President George W. Bush yesterday launched a fresh push to revive the stalled Middle East peace process, offering US leadership of efforts to find a two-state solution to the conflict.
Mr Bush said Palestinians faced a moment of choice be-tween peace and violence and urged the international com-munity to help them choose the better path. "Responsible nations have a responsibility to help clarify the way forward," he said.
He pledged $190m (£93m, €138m) of economic assistance to the Palestinian territories and $80m to help train Palestinian security forces.
The aid was aimed at strengthening Mahmoud Abbas, the embattled Palestinian president, whose Fatah party is engaged in a violent power struggle with Hamas, the Islamic militant group. Hamas seized control of Gaza earlier this year, while Fatah remains in charge of the West Bank.
The US initiative came as Tony Blair, former British prime minister, prepares to start his role as envoy for the Middle East Quartet. The Quartet - comprising the US, the European Union, Russia and the United Nations - is scheduled to meet in Lisbon on Thursday for the first time since Mr Blair's appointment.
Condoleezza Rice, US secretary of state, and Ban Ki-moon, UN secretary-general, are expected to attend.

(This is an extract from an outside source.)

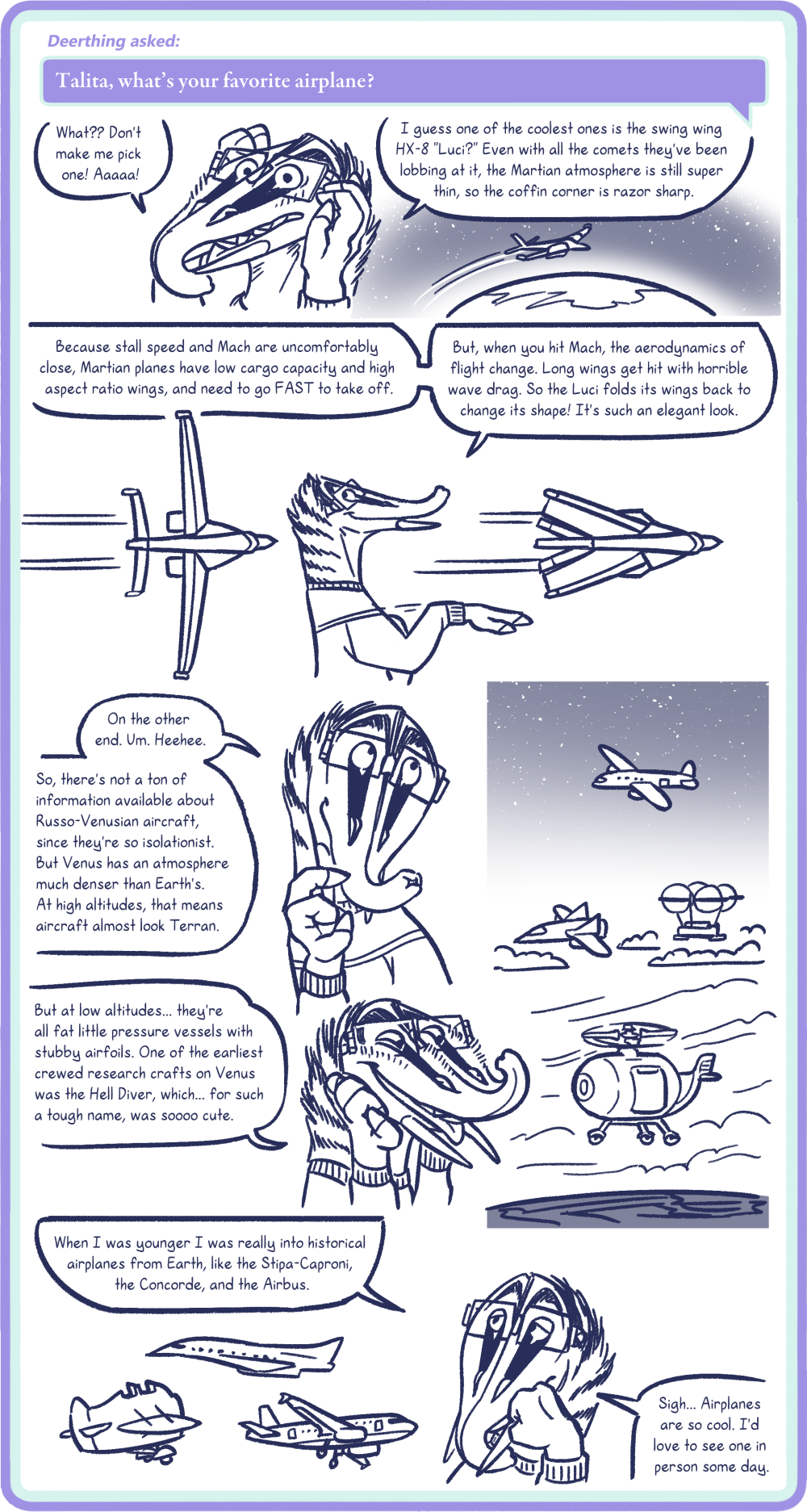 Talita: What?? Don't make me pick one! Aaaaa! I guess one of the coolest ones is the swing wing HX-8 "Luci?" Even with all the comets they've been lobbing at it, the Martian atmosphere is still super thin, so the coffin corner is razor sharp. Because stall speed and Mach are uncomfortably close, Martian planes have low cargo capacity and high aspect ratio wings, and need to go FAST to take off. But, when you hit Mach, the aerodynamics of flight change. Long wings get hit with horrible wave drag. So the Luci folds its wings back to change its shape! It's such an elegant look. On the other end. Um. Heehee. So, there's not a ton of information available about Russo-Venusian aircraft, since they're so isolationist. But Venus has an atmosphere double the density of Earth's. In high altitudes, that means aircraft almost look Terran. But at low altitudes... they're all fat little pressure vessels with stubby wings. One of the earliest manned research crafts on Venus was the Hell Diver, which... for such a tough name, was soooo cute. When I was younger I was really into historical airplanes from Earth, like the Stipa-Caproni, the Concorde, and the Airbus. Sigh... Airplanes are so cool. I'd love to see one in person some day.

The meeting will also be the Quartet's first since Hamas captured Gaza in June, driving a wedge through the Palestinian territories.
Mr Bush said the US would offer "strong support" for Mr Blair in his new role of mobilising international assistance for the Palestinians.
Yesterday's intervention by Mr Bush came after Mr Abbas consolidated his control of the West Bank on Saturday by installing an inter-im government of moderates. "The president sees there is an opportunity there now to show the Palestinian people a choice between the kind of violence and chaos under Hamas in Gaza and the prospect, under President Abbas and prime minister Salem Fayyad, for an effective democratic Palestinian state," said Stephen Hadley, US national security adviser.
Mr Bush set out a vision of Palestine as a "partner not a danger" for Israel and urged Palestinians to "demonstrate once and for all that terrorism has no place in a Palestinian state".
"The Palestinian government must arrest terrorists, confiscate illegal weapons and work to stop attacks on Israel," the president said, adding that the Palestinian Authority must also earn the trust of Palestinians by tackling corruption.
Israel and Arab states also had responsibilities to help find a two-state solution, he said.
Mr Bush and Ehud Olmert, Israeli prime minister, pledged last month to work together to strengthen Mr Abbas against Hamas, which the US and EU regard as a terrorist group.
Mr Bush linked the strife within the Palestinian territories to broader turmoil in the Middle East, saying it was part of the same struggle against extremists also faced by Lebanon, Iraq and Afghanistan. "Conceding any of these struggles to extremists would have deadly consequences for the world," he said.